• [Provided data]:
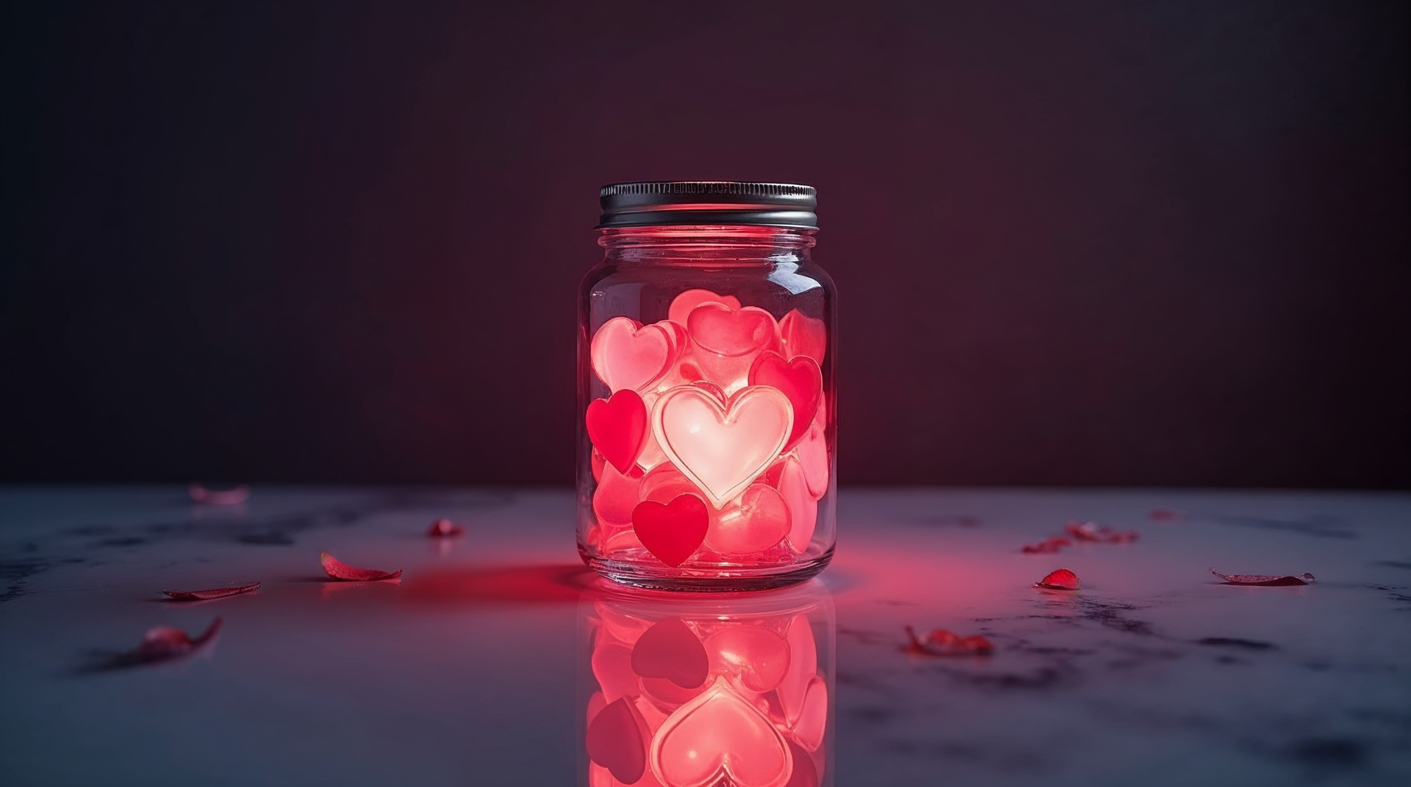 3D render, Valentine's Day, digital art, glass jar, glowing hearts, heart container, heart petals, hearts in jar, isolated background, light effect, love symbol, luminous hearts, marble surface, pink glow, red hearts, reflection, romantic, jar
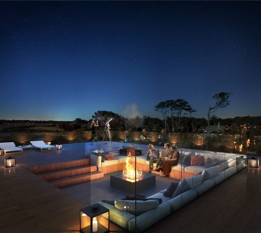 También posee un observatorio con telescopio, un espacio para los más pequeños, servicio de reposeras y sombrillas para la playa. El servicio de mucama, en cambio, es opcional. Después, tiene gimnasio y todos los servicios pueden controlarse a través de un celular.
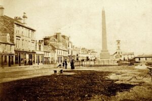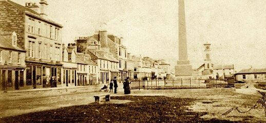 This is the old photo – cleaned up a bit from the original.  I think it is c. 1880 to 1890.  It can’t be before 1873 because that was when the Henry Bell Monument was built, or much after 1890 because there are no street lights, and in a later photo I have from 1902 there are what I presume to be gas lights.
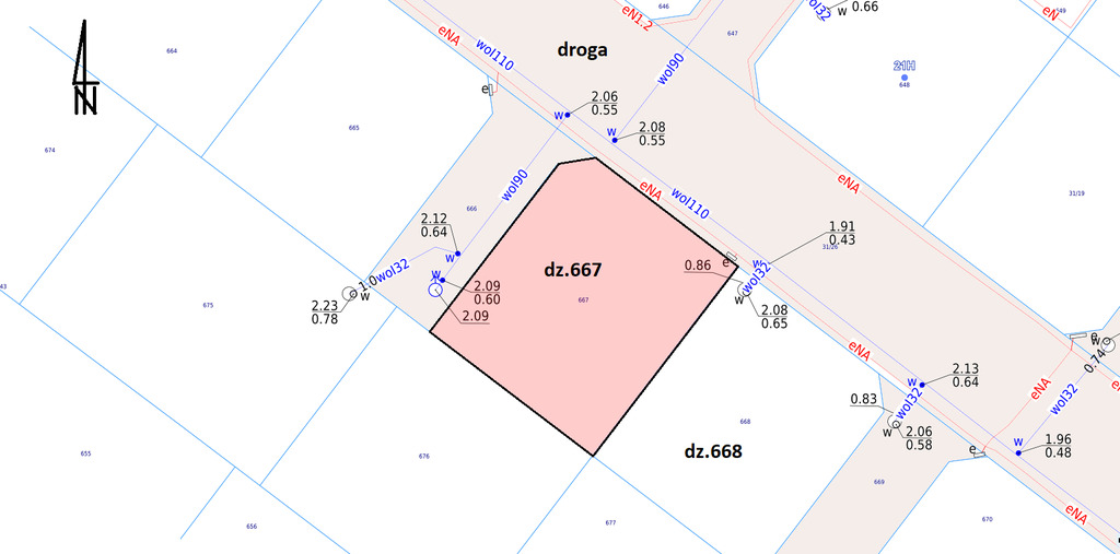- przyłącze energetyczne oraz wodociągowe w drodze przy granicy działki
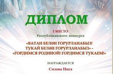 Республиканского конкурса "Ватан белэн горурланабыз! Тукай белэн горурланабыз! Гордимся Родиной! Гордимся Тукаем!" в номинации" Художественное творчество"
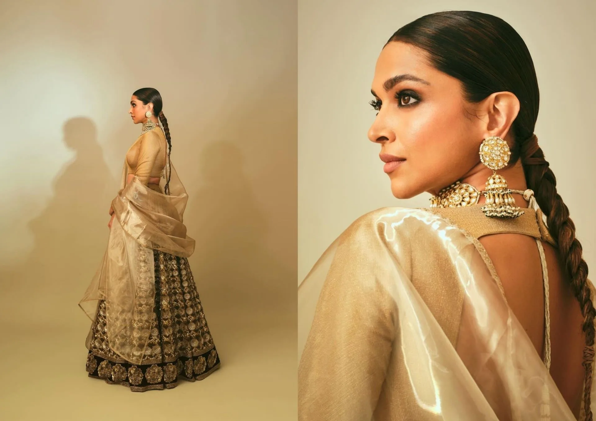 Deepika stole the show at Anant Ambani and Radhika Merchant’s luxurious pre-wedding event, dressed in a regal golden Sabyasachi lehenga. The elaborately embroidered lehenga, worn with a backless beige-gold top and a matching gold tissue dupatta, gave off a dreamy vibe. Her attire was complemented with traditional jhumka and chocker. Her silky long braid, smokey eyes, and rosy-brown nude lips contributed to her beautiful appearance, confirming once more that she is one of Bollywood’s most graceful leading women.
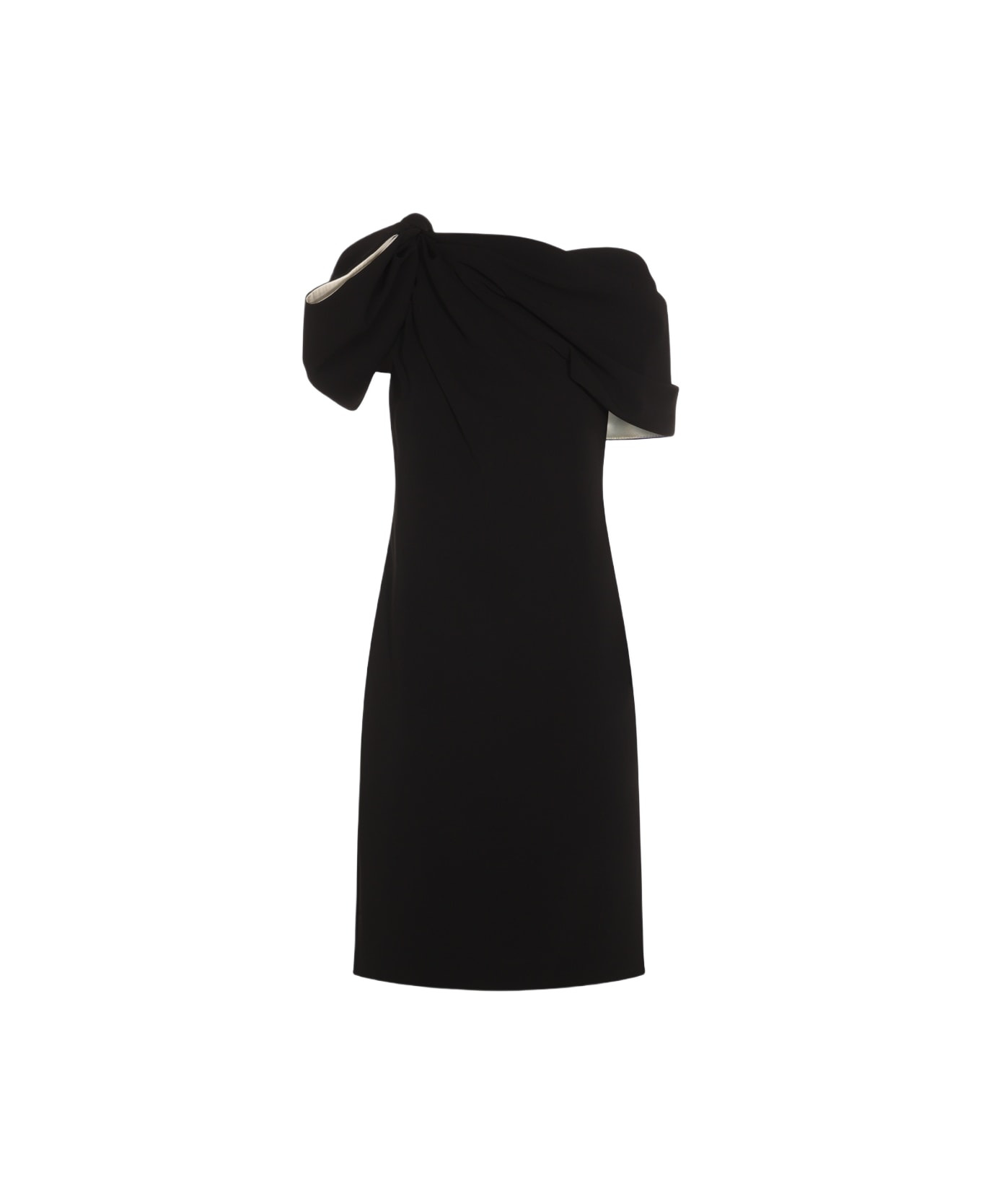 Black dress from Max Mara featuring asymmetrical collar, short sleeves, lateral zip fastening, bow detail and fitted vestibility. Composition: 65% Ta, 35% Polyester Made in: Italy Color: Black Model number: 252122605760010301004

• [Problem to solve]: Print exactly, with no pictures, the lines above from the one that holds "белэн горурланабыз! Тукай" through the one that holds "Deepika stole the", both of them included.

• [Task response]:
 Республиканского конкурса "Ватан белэн горурланабыз! Тукай белэн горурланабыз! Гордимся Родиной! Гордимся Тукаем!" в номинации" Художественное творчество"
 Deepika stole the show at Anant Ambani and Radhika Merchant’s luxurious pre-wedding event, dressed in a regal golden Sabyasachi lehenga. The elaborately embroidered lehenga, worn with a backless beige-gold top and a matching gold tissue dupatta, gave off a dreamy vibe. Her attire was complemented with traditional jhumka and chocker. Her silky long braid, smokey eyes, and rosy-brown nude lips contributed to her beautiful appearance, confirming once more that she is one of Bollywood’s most graceful leading women.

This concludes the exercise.